Jaxon Smith-Njigba’s net worth
Heading into Monday, Smith-Njigba’s career earnings totaled roughly $11.7 million, a natural outcome of a first-round rookie contract. His pre-extension net worth was estimated at approximately $4 million.
That number shifts sharply from here. Market-setting contracts bring big endorsement deals. At 24, Super Bowl champ, and now the NFL’s highest-paid receiver, Smith-Njigba now has commercial leverage that extends beyond statistics. His net worth is sure to shoot up from here.
How he became the highest-paid wide receiver
Jaxson Smith-Njigba’s ascent wasn’t sudden. When he arrived in Seattle in 2023, he was the third option behind DK Metcalf and Tyler Lockett, finishing his rookie season with 63 catches for 628 yards.
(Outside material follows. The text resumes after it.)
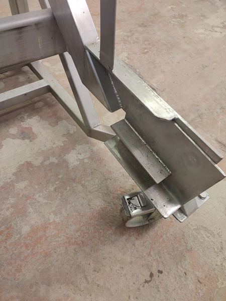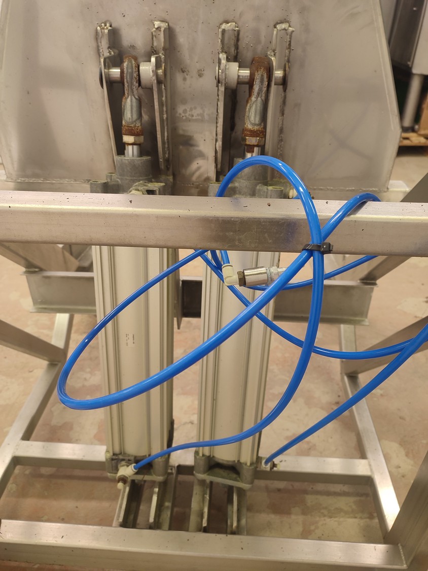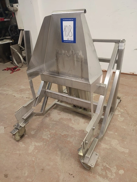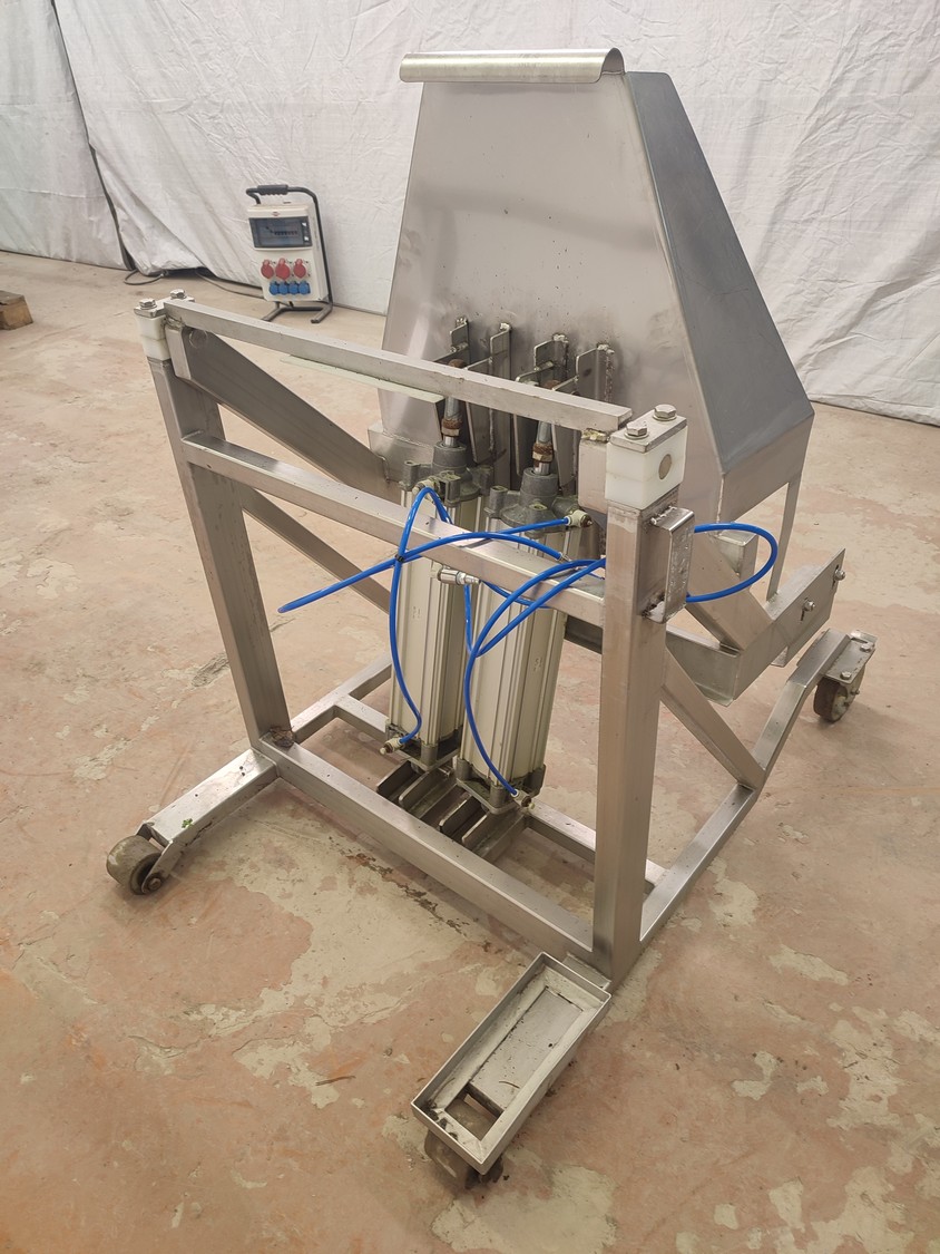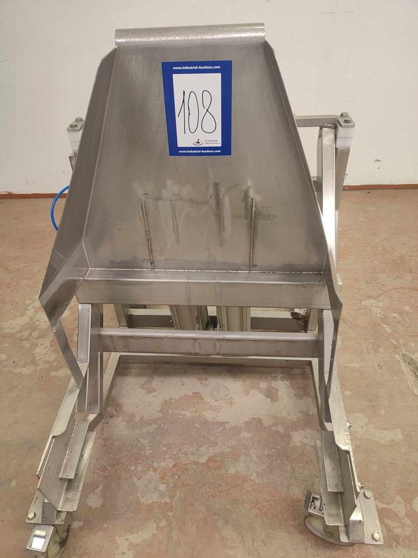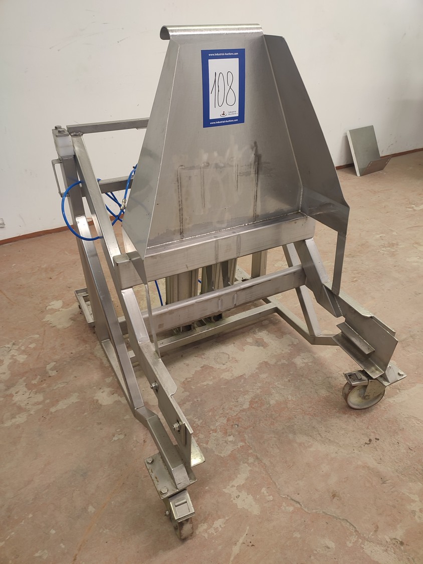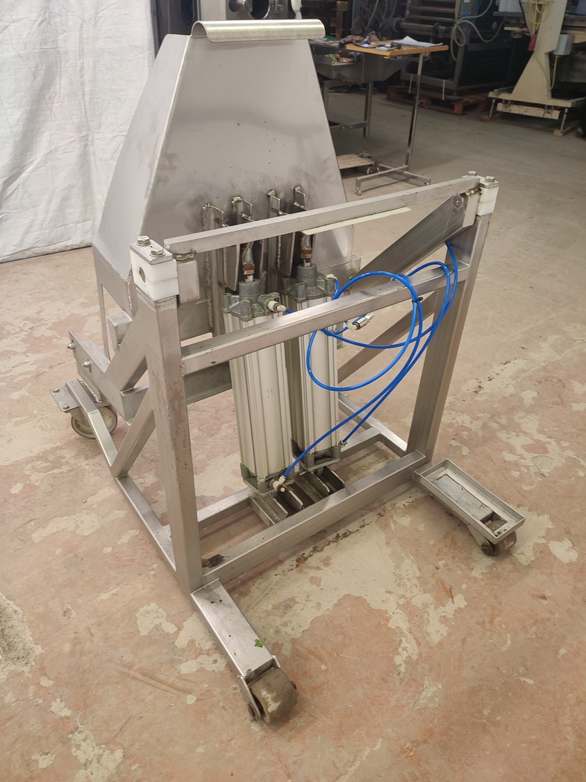 S/s mobile tilting device for 200 liter meat bins, dimensions: 900 mm x 1200 mm x 1250 mm.

The offense had kept him largely in the slot.
A coaching change after 2023 opened things up for Smith-Njigba. Under Mike Macdonald’s tutelage, he nearly doubled his yardage total in 2024 to 1,130 yards and earned his first Pro Bowl selection.
The arrival of offensive coordinator Klint Kubiak in 2025 was the true inflection point. Kubiak moved him outside, and 78% of Smith-Njigba’s snaps came lined up wide, a sharp pivot from his first two seasons. The production that followed was historic: 1,793 receiving yards to lead the NFL, shattering the Seahawks’ franchise record (Metcalf’s 1,303 in 2020), 119 receptions, and 10 touchdowns.
Then came the NFC Championship against the Los Angeles Rams. Late in the second quarter, with Seattle trailing 13-10, Jaxon Smith-Njigba caught the go-ahead short left touchdown pass from quarterback Sam Darnold. He finished the game with 10 catches for 153 yards and a crucial touchdown in Seattle’s 31-27 victory.
When you break a franchise’s receiving records and create one of the defining plays of its championship run, the market simply answers instead of negotiating. For Jaxon Smith-Njigba, that $168.6 million contract is all the motivation he’ll need heading into the 2026 season.